# Just got promoted to be closing team lead at a small format store! Any tips? (:



## nihilo (Sep 19, 2021)

Hi everyone! I've been with the company for several years now at my high volume store, so I have a pretty good grasp of the daily operations at my current store, but now I'm moving to a small format! Does anyone have any insight as to what I can expect? Or if any of you are closing tls at a small format, what does your daily routine look like? Any advice for me? Thanks in advance!


----------



## Hardlinesmaster (Sep 19, 2021)

Welcome!


----------



## Yetive (Sep 19, 2021)

Congratulations


----------



## Rarejem (Sep 19, 2021)

My advice to create good will between closing and dayside teams is to have team members just do a simple quick reshop pickup sweep throughout their departments before leaving for the day.  The first impression of what got done on the shift before you come in can set the tone for the day and the "appearance" of a clean department seems to help. Nobody likes to come in to find sweaters hanging out in market or dog food in toys.


----------



## Dream Baby (Sep 19, 2021)

Make sure management schedules TMs to close in every department unless you like going to get carts and running back to electronics.


----------



## bloodyred (Sep 19, 2021)

Dream Baby said:


> Make sure management schedules TMs to close in every department unless you like going to get carts and running back to electronics.
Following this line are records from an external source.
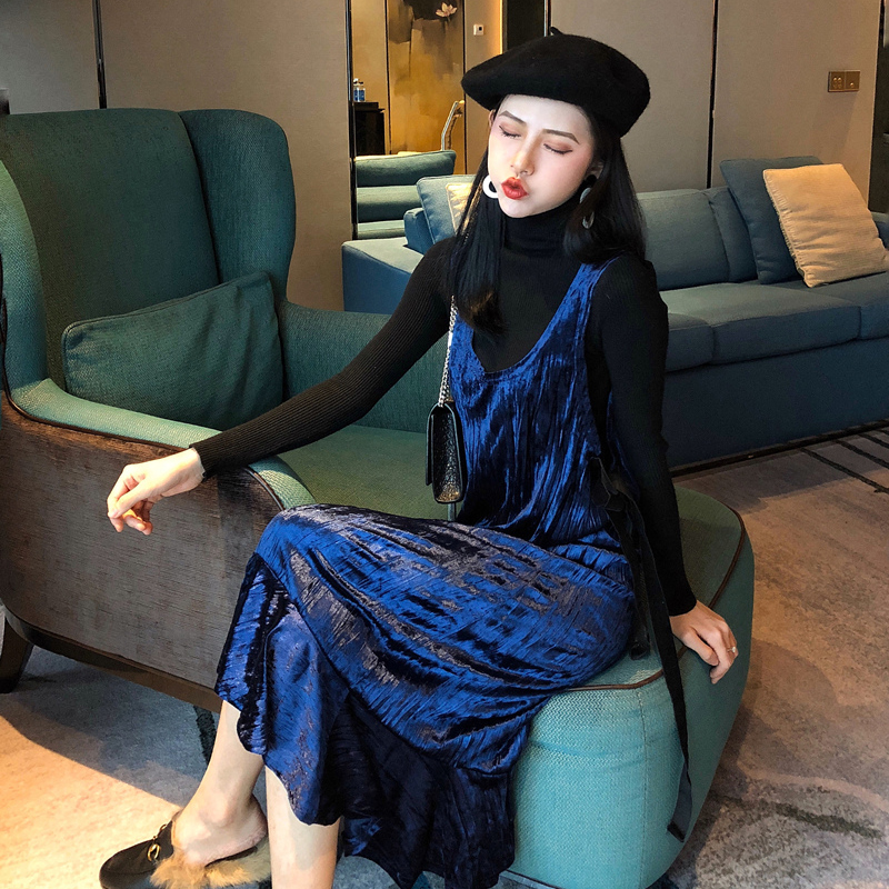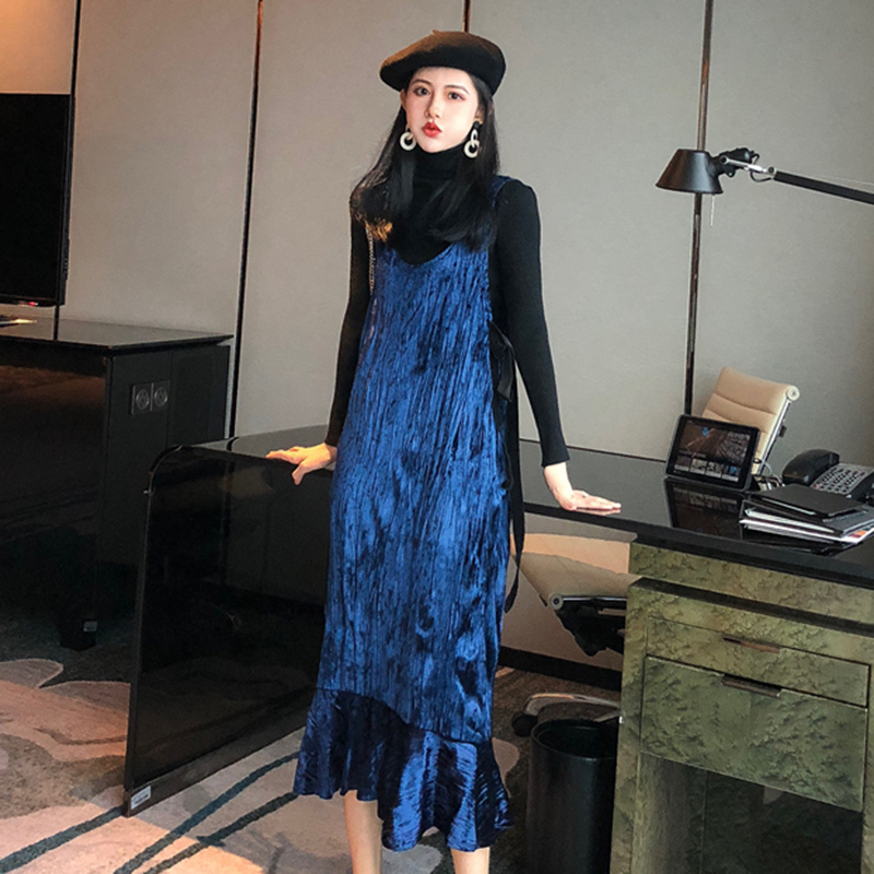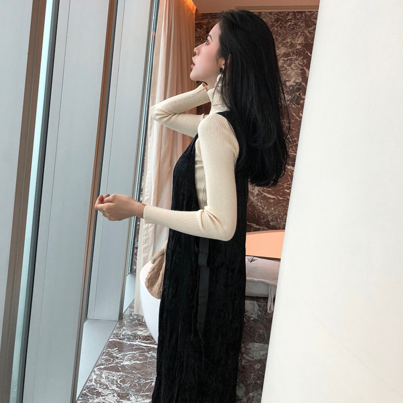 女神套裝秋2018新款修身高領打底上衣氣質荷葉邊中長背心連衣裙子
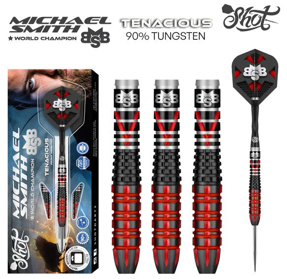Shot - Michael Smith - Steel Tip Darts - 90% Tungsten - Tenacious - Front Weighted
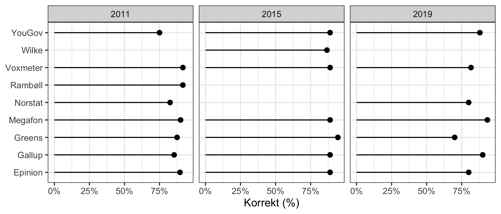 I 15 ud af 27 tilfælde - når vi kigger på partiene (vist i ovenstående figur) - ramte alle meningsmålinger korrekt (altså 100%). 21 ud af 27 partier blev ramt rigtigt i omkring eller mere end 95% af gangene.
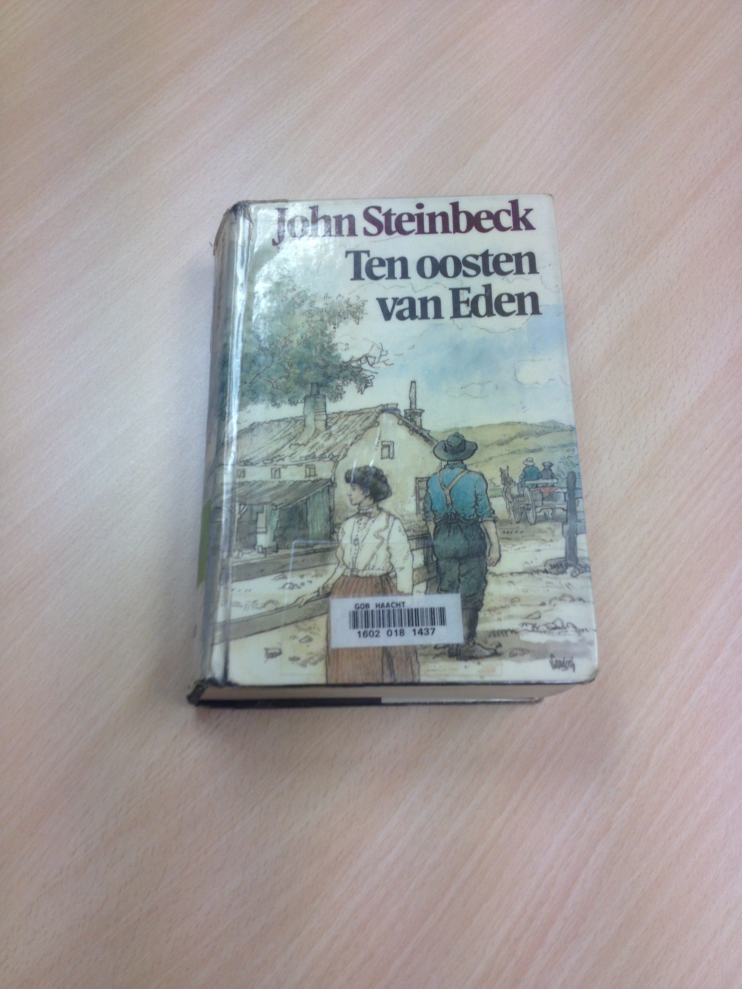 stuk in de bib waren uitgeleend, toch Ten oosten van Eden. Ook omdat mijn dochter Winke het gelezen had. Zij wist me zonder veel woorden duidelijk te maken dat ze het bijzonder mooi vond. Ofschoon ik aanvankelijk nukkig struikelde over de oude spelling, blies na enkele bladzijden het magnum opus van John Steinbeck uit 1952 me helemaal van mijn sokken.

agree with this!  also set tone early on with expectations with guest interactions, specifically the phone.  Closing can affect NPS, just as much of the dayside!  Our GM team is beyond bad at logging in and we don't have GM leads or Etl's that care about this! It is so frustrating for Guest service/Specialty teams.  When I close now I literally ask for TM's device as I come by and check to see if they are signed in the phone, if not I sign them in and make note to email out those names to receive workday performance conversation, especially if those TM's should know better; eg not new to the store, if they don't know, show them!  C.C. HR/Etl's in your e-mail to those leads so it gets done, if you have to take things further with TM's, partner with the department lead and if come down to it set a time when you, the dept. lead and issued TM is there to have a conversation together and sit down with the lead after to make sure it gets documented.


----------



## happygoth (Sep 19, 2021)

bloodyred said:


> agree with this!  also set tone early on with expectations with guest interactions, specifically the phone.  Closing can affect NPS, just as much of the dayside!  Our GM team is beyond bad at logging in and we don't have GM leads or Etl's that care about this! It is so frustrating for Guest service/Specialty teams.  When I close now I literally ask for TM's device as I come by and check to see if they are signed in the phone, if not I sign them in and make note to email out those names to receive workday performance conversation, especially if those TM's should know better; eg not new to the store, if they don't know, show them!  C.C. HR/Etl's in your e-mail to those leads so it gets done, if you have to take things further with TM's, partner with the department lead and if come down to it set a time when you, the dept. lead and issued TM is there to have a conversation together and sit down with the lead after to make sure it gets documented.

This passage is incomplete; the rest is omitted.